## [Information supplied]

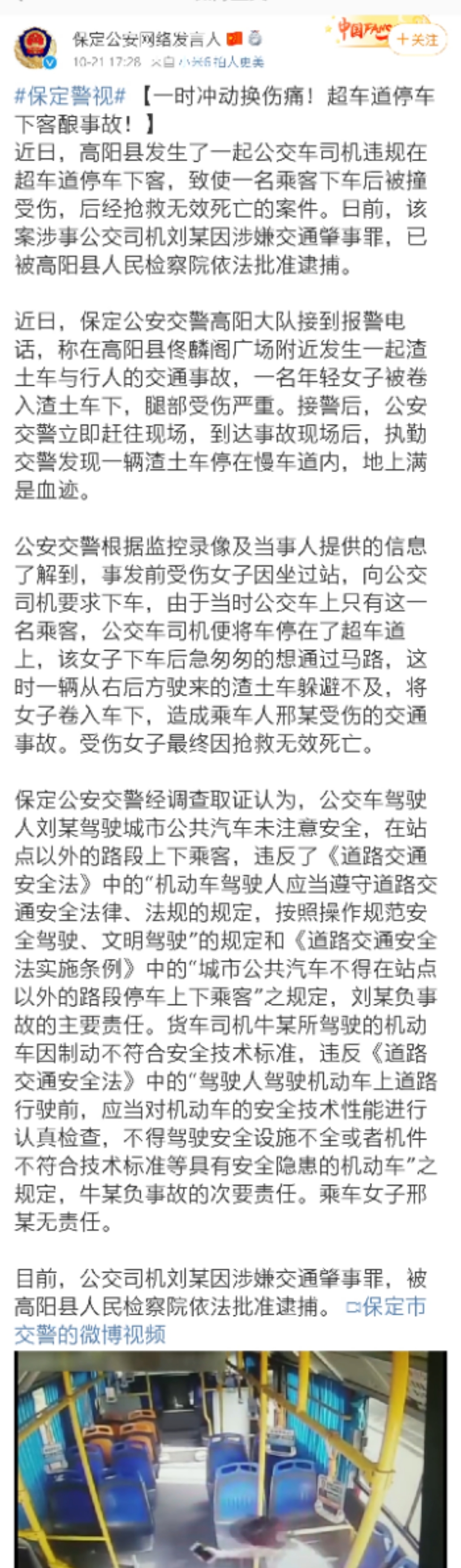 2019年10月20日,在河北保定高陽縣一位女乘客因坐過站要求公交車司機在站外停車,司機將車停在了超車道上,女子剛下車就被後方駛來的渣土車撞擊,瞬間被捲入車底。隨後,女子因傷重不治死亡。
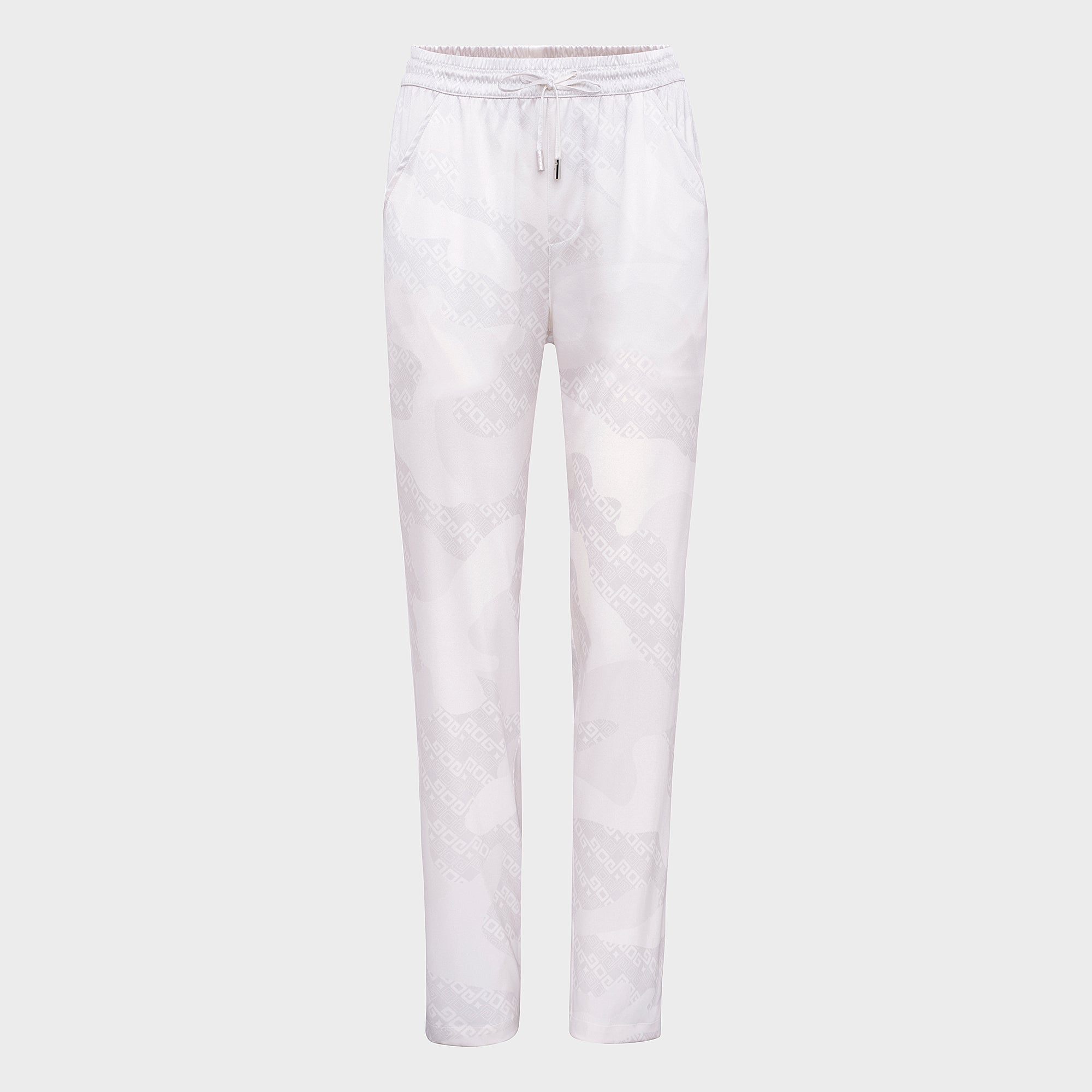 Blending laid-back elegance with exceptional comfort, these printed silk joggers feature soft tones of white and muted grey. The lightweight, airy silk drapes beautifully, offering a fluid feel against the skin. Subtly incorporating the brand’s signature within the print, this piece adds a refined touch of identity. Perfect for lounging in style or stepping out with effortless sophistication.
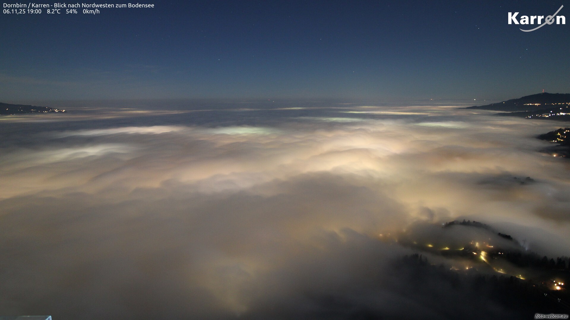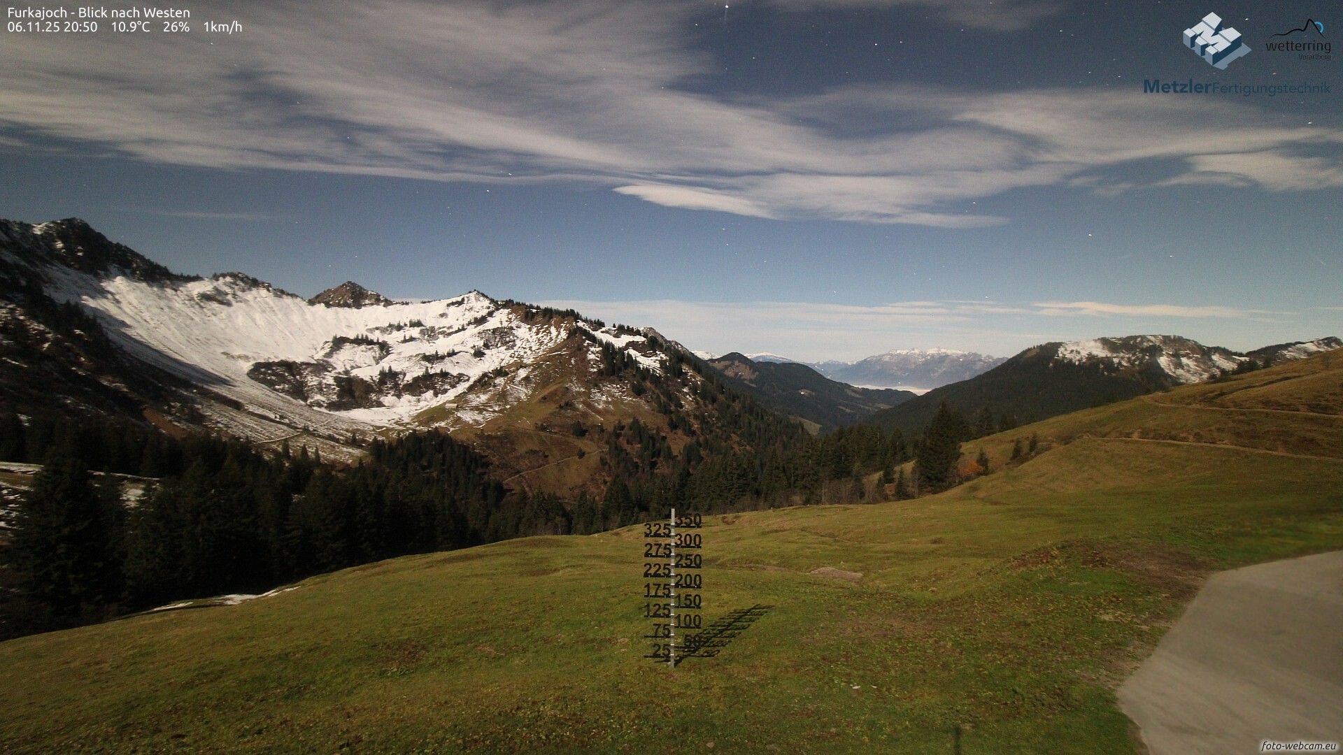 Am Donnerstag wird die Föhnströmung vorübergehend etwas stärker. Auf den Bergen und in den Föhnstrichen, speziell im Brandnertal, sind zeitweise Böen von 30 bis 50 km/h zu erwarten, lokal auch mehr.
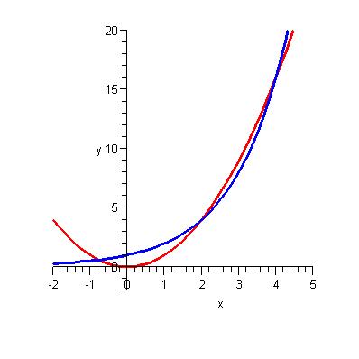 . x^2 = 2^x 2 (ln x) = x (ln 2) (ln x)/x = (ln 2)/2 The following is the plot of the last expression, and you get two roots, 2 and 4. It is interesting to see what happens if it is not x-squared but higher orders. It seems like there are only two real roots for everything more than (raised to the power) 2 except e itself, in which case we have only one real root. But there has to be more roots for higher order, right? Like cubic expressions should have 3 roots. I guess the ones we don't see are imaginary roots? As q tends to infinity, (ln q)/q tends to 0. Also, this line (ln q)/q first increases then decreases. Of course, for q<1, we have only one root - see the plot.
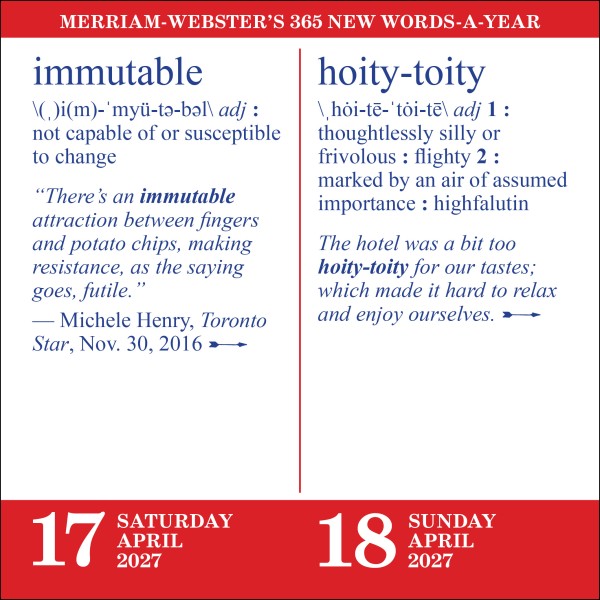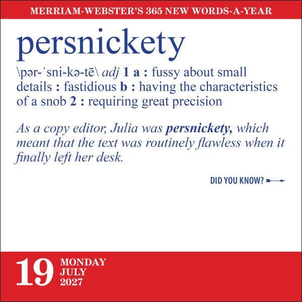 Elevate your vocabulary and spark your curiosity with Merriam-Webster's 365 New Words-A-Year 2027 Day-to-Day Calendar. Each daily page features a new word, the definition, a pronunciation key, and a sample sentence, and the back of the page features a detailed description of the word. Weekend pages have two words each, so you truly get 365 new words! Whether you're a logophile or just love learning, this calendar turns every day into a linguistic adventure.
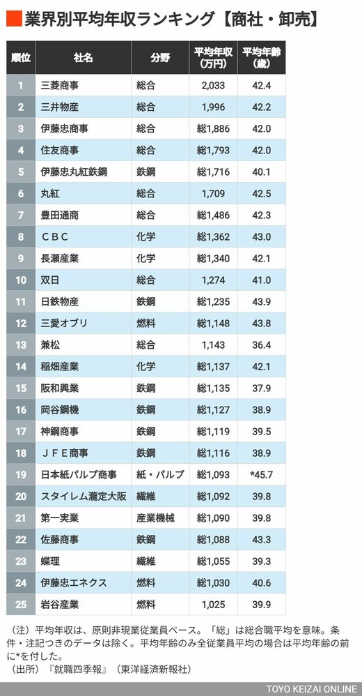 ビジネス #ダイジェスト版 前の記事 次の記事 1位は2033万円!「商社・卸売」の平均年収ランキング 専門商社で総合商社レベルの待遇も『就職四季報』 2分で読める 公開日時:2025/12/26 05:40 丹羽 夏海 東洋経済『就職四季報』編集部 フォロー 1/3 PAGES 2/3 PAGES 3/3 PAGES 1~25位は? 26位以降のランキングは、「1位2033万円「商社・卸売」平均年収TOP50《完全版》」(有料会員登録が必要です)でご覧いただけます。
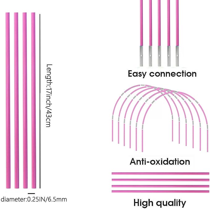 - PRODUCT CONFIGURATION: You will get 36 fiberglass poles, 30 connecting tubes . DIY gardening grow tunnels, small greenhouses, mini grow tents, different sizes of gardening arches, can meet your various needs. Our fiberglass plant poles are 6.5 mm in diameter, thicker than normal plant poles, made of durable, environmentally friendly high quality fiberglass, flexible, green and healthy, never rust, antioxidant, can be used for a long time. It can be easily disassembled
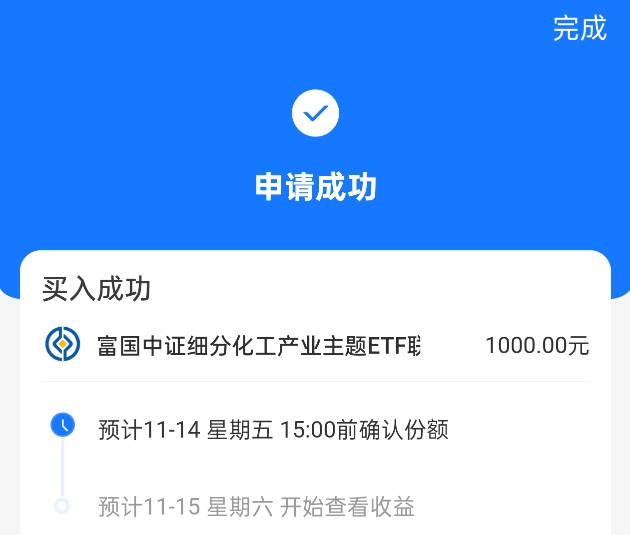 操作:$富国中证细分化工产业主题ETF联接C$今天加仓1000元,这只被动跟踪细

## [Task item]
An exact copy of the lines above, from the first through the line that holds "Am Donnerstag wird", is what is needed; leave the pictures out.

## [Output of the exercise]
 2019年10月20日,在河北保定高陽縣一位女乘客因坐過站要求公交車司機在站外停車,司機將車停在了超車道上,女子剛下車就被後方駛來的渣土車撞擊,瞬間被捲入車底。隨後,女子因傷重不治死亡。
 Blending laid-back elegance with exceptional comfort, these printed silk joggers feature soft tones of white and muted grey. The lightweight, airy silk drapes beautifully, offering a fluid feel against the skin. Subtly incorporating the brand’s signature within the print, this piece adds a refined touch of identity. Perfect for lounging in style or stepping out with effortless sophistication.
 Am Donnerstag wird die Föhnströmung vorübergehend etwas stärker. Auf den Bergen und in den Föhnstrichen, speziell im Brandnertal, sind zeitweise Böen von 30 bis 50 km/h zu erwarten, lokal auch mehr.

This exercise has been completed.